►

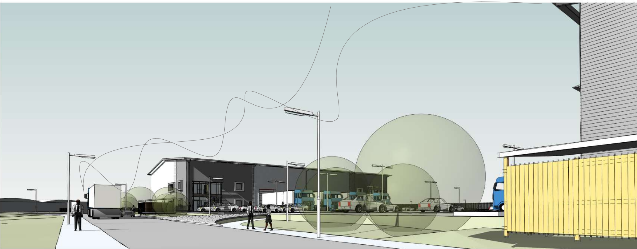
View along Spitfire Way

Notes: Lewis & Hickey accept no responsibility for any costs, losses, claims howsoever arising from these drawings, specifications and related documents unless there is full compliance with the client and any authorised user of the following: 1. All boundaries, dimensions and levels are to be checked on site before construction and any discrepancies are to be reported to the Architect / Designer. 2. Partial Service: Any discrepancies with site or other information is to be advised to the Architect / Designer and direction or approval is to be sought before the implementation of the detail. 3. Block and site plans are reproduced under license from the Ordnance Survey. 4. Do not scale this drawing. 5. For the purpose of coordination, all relevant parties must check this information prior to implementation and report any discrepancies to the Architect / Designer.
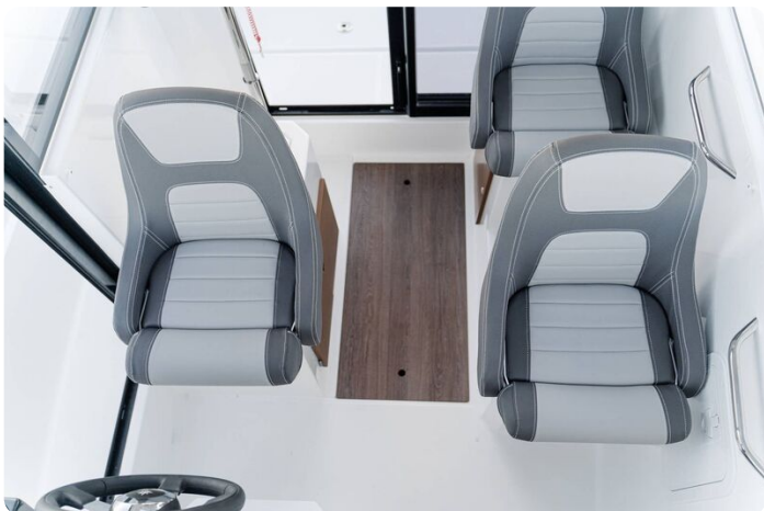
Jeanneau Merry Fisher 695 Sport - render of wheelhouse seating
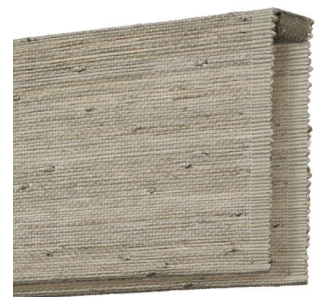
Double Valance inside mount
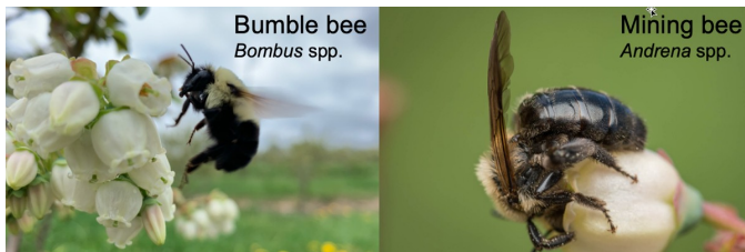
Figure 2. The common wild bees pollinating blueberry crops in central Pennsylvania. Both bumble bee queens (left) and mining bees (right) are active in early spring and are abundant pollinators of blueberries.

Since Pennsylvania lies within the native range of the blueberry, there is a great diversity of native bees that provide pollination services to blueberry farms. Observations performed in three small diversified farms with Bluecrop plantings in central Pennsylvania revealed that the smallest non-commercial planting had the greatest diversity of pollinators. While managed honey bee colonies were present at all sites, they were not commonly observed pollinating blueberries, compared to other wild bees such as bumble bees. For about every honey bee visiting blueberry flowers, we observed about 3 bumblebee queens (Figure 2). Mining bees in the genus Andrena were also a major group of wild bees observed at all sites (Figure 2). Both bumble bee queens and mining bees are active in the spring when blueberry flowers begin to bloom. At least 11 different species of Andrena have been observed pollinating blueberries in central Pennsylvania, often clinging to flowers during their visits.
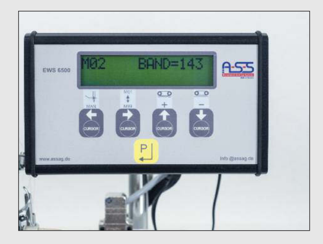
Easy administration and retrieval of the pre-programmed seams via the program controller
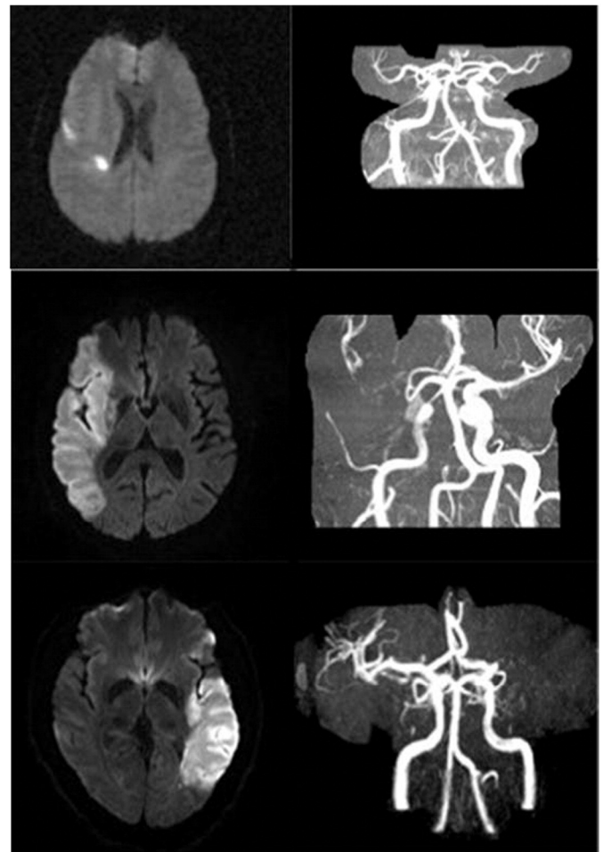
Fig. 1. Top panel. Infarct not involving the insula with patent MCA. Lower panel. Strokes involving the insula with MCA occlusion.

to the insula (large MCA volume strokes) and persistent deficits in mobility and other known risk factors for HAP. Patients with and without HAP in that study were matched for NIHSS scores, but there was a significantly greater percentage of left hemisphere strokes among those without HAP; the equivalent NIHSS score is associated with smaller volume of lesion in left hemisphere compared to right hemisphere stroke (Fink et al., 2002; Gottesman et al., 2009; Menezes et al., 2007; Woo et al., 1999). This bias can account for the fact that only the right insula (included in the largest strokes) was associated with HAP. Insular
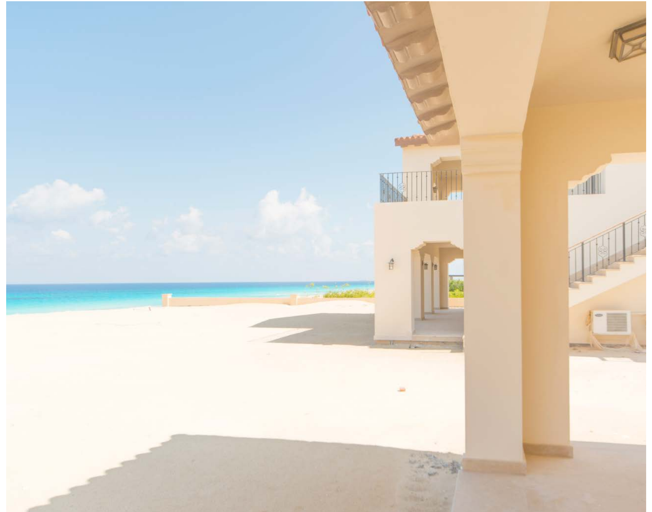
Beach front villas, Marassi
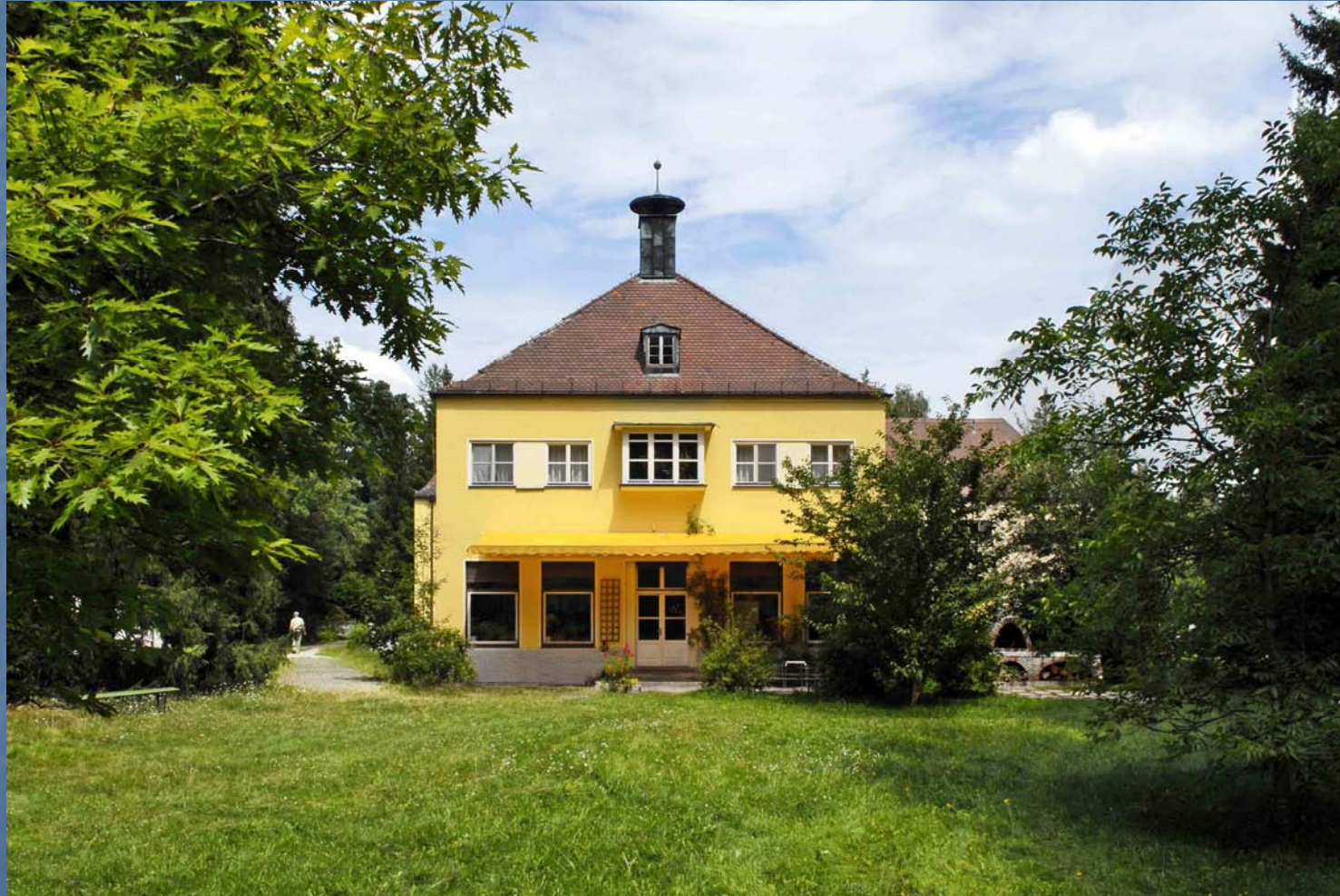
WPA Panel AMEPSA 23.09.2011, Buenos Aires
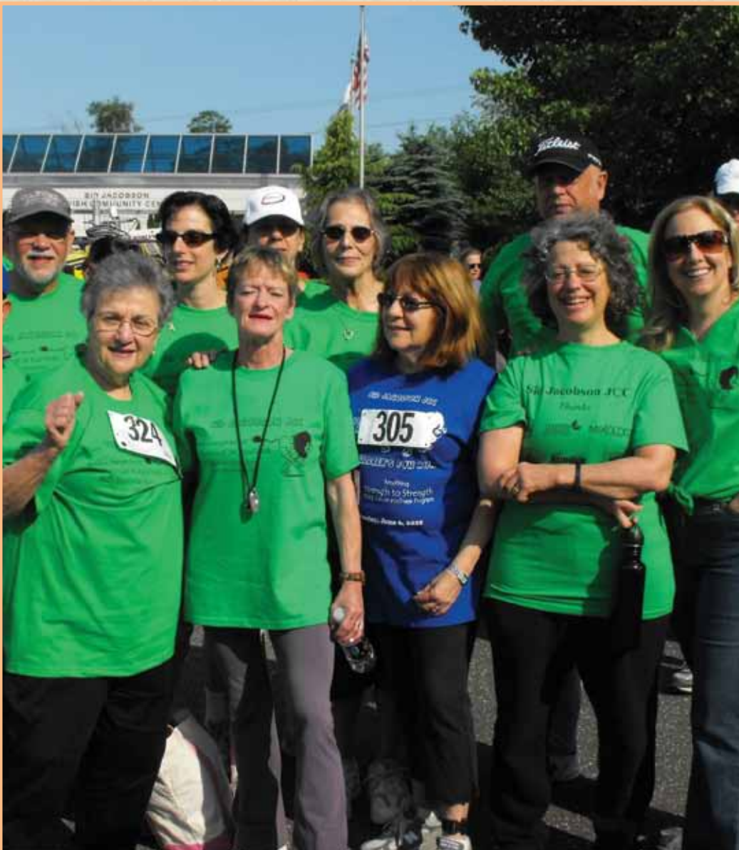
Members of Sid Jacobson JCC's Strength to Strength program and 5th Annual 5K Run/Walk and Children's Fun Run.
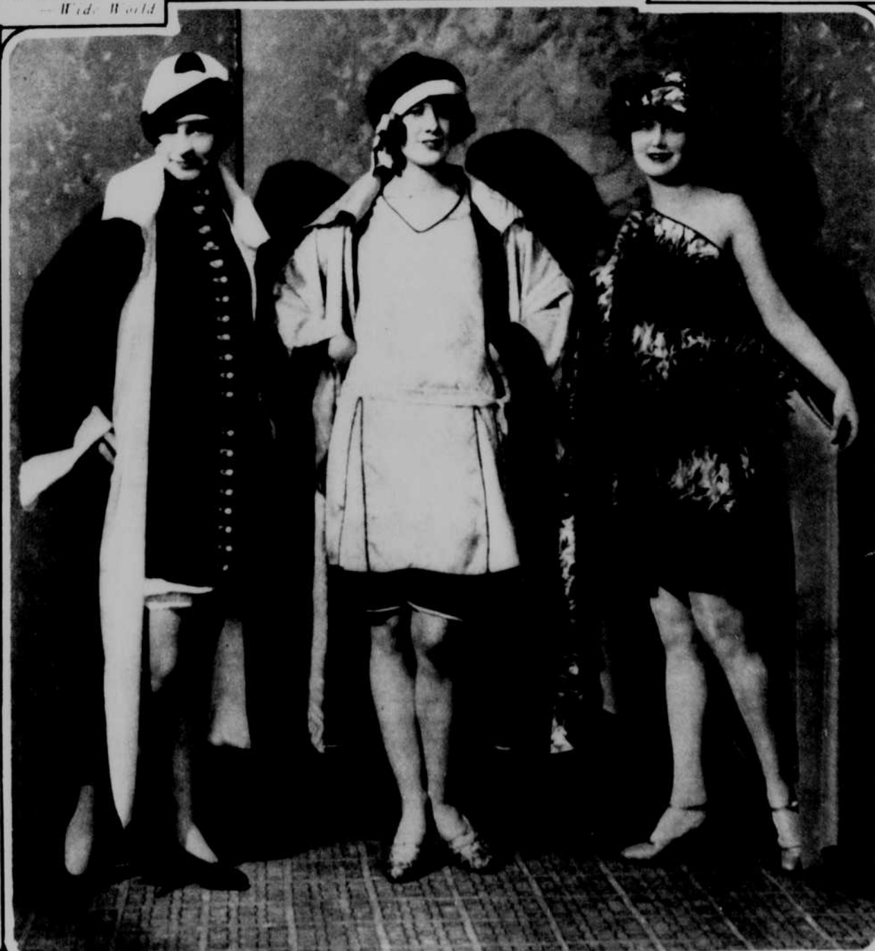
These Herbert Kohn bathing suits of black and white cord silk, of satin brocade with black satin, and of printed tiger silk, were among the smart modes for spring shown at the Spring and Summer Revue of the Style Creators of America.
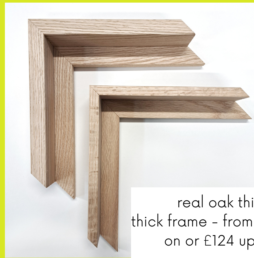
real oak thin or thick frame - from £300 add on or £124 upgrade
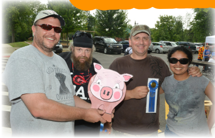
1st Place Tie! Police and Water Dept
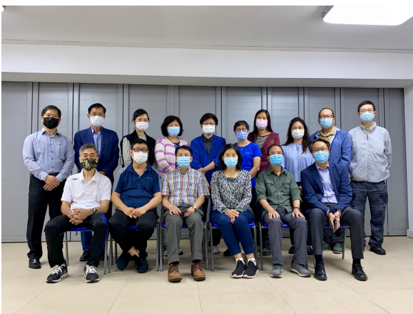
新一屆理事與會員合照 Group photo of Members and the New Committee
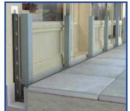
Cover At Grade
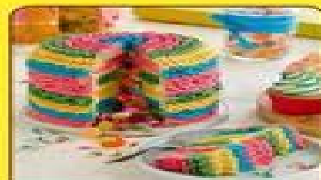
QUICK CELEBRATION CAKES
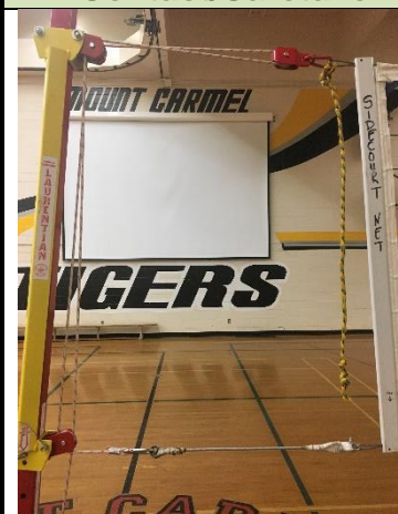
Centre post net
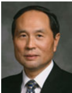
By Elder Koichi Aoyagi Of the Seventy
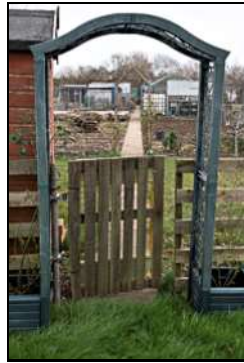
DSCF8761 ISO 400 X-T3 1/100 sec at f / 8.0
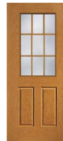
Door: 2150 Fiber-Classic® Clear Glass (Grilles)
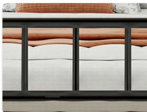
Image: A detailed view of the metal slats that form the bed base, demonstrating the robust support structure for your mattress.

Image: This image highlights the design of the headboard and footboard, which are specifically engineered to keep the mattress securely in place and prevent it from sliding.
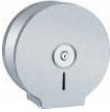
SS CIRCULAR DISPENSER H-207
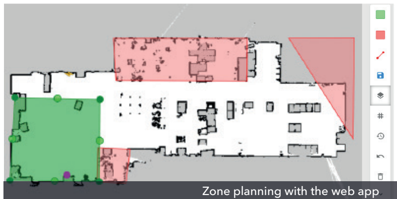
Zone planning with the web app
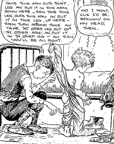
REG. U. S. PAT. OFF. HEROES ARE MADE - NOT BORN
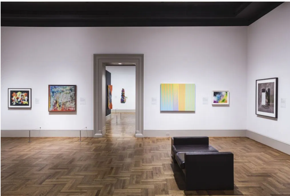
Installation view of "The Shape of Abstraction: Selections From the Ollie Collection" at the Saint Louis Art Museum.

AS JAMES LITTLE NOTED EARLIER, Ollie's penchant for abstract art was rare. When he began buying, African American collectors primarily sought representational images that directly explored black subjectivity and the black experience through figuration, which is what most black artists were producing.
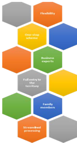
Figure 1. Key considerations of the Spanish startup scheme
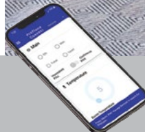
WiFi PHONE APP CONTROL SIT-WIFI
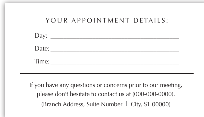
Appointment Card – Back
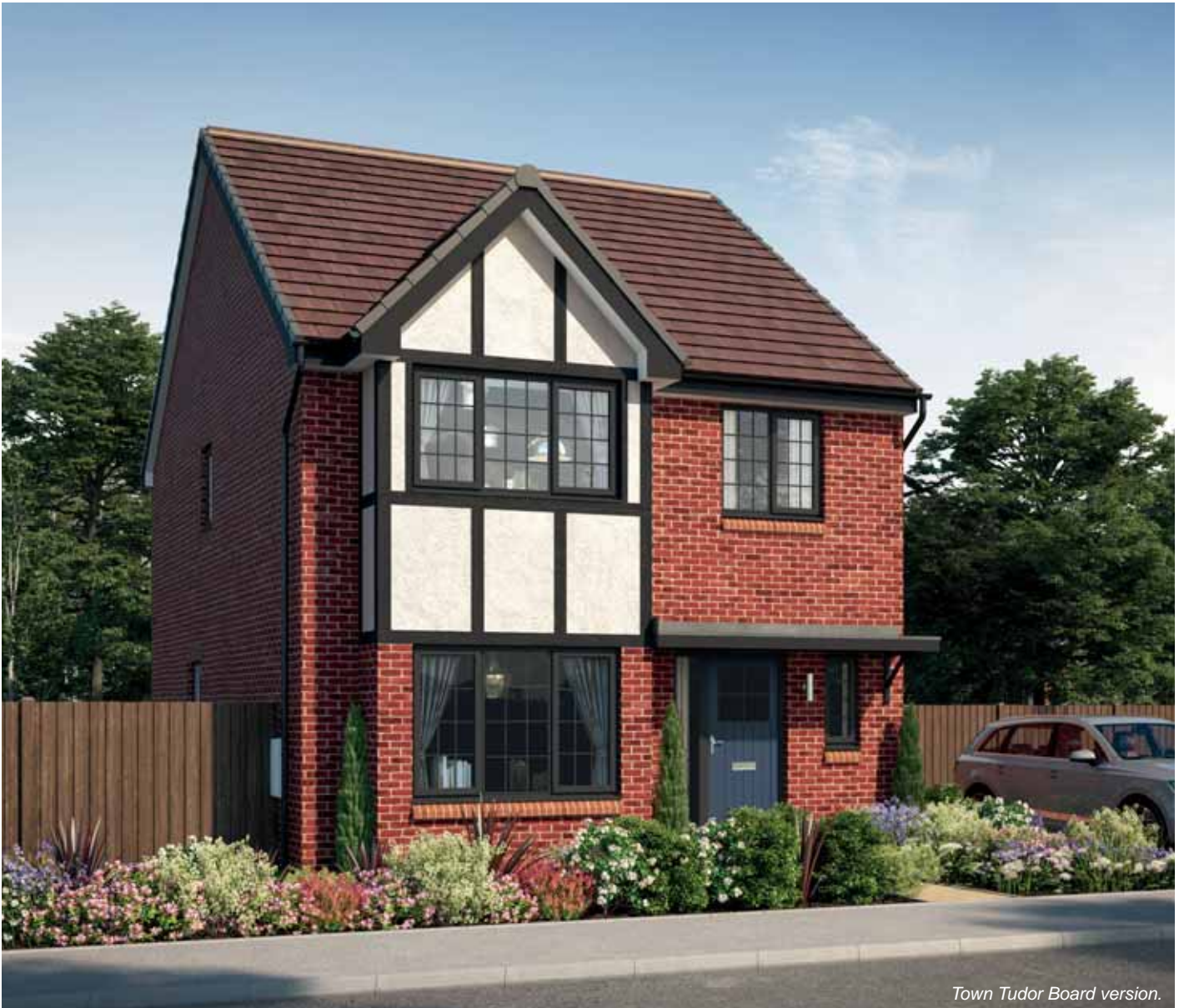
Town Tudor Board version.

◄

**ACTION ITEM**
Look through the listing above for the line with "Notes: Lewis &" and the line with "Figure 2. The". Write out exactly those lines and everything between, leaving out pictures.

**TASK SOLUTION**
Notes: Lewis & Hickey accept no responsibility for any costs, losses, claims howsoever arising from these drawings, specifications and related documents unless there is full compliance with the client and any authorised user of the following: 1. All boundaries, dimensions and levels are to be checked on site before construction and any discrepancies are to be reported to the Architect / Designer. 2. Partial Service: Any discrepancies with site or other information is to be advised to the Architect / Designer and direction or approval is to be sought before the implementation of the detail. 3. Block and site plans are reproduced under license from the Ordnance Survey. 4. Do not scale this drawing. 5. For the purpose of coordination, all relevant parties must check this information prior to implementation and report any discrepancies to the Architect / Designer.
Jeanneau Merry Fisher 695 Sport - render of wheelhouse seating
Double Valance inside mount
Figure 2. The common wild bees pollinating blueberry crops in central Pennsylvania. Both bumble bee queens (left) and mining bees (right) are active in early spring and are abundant pollinators of blueberries.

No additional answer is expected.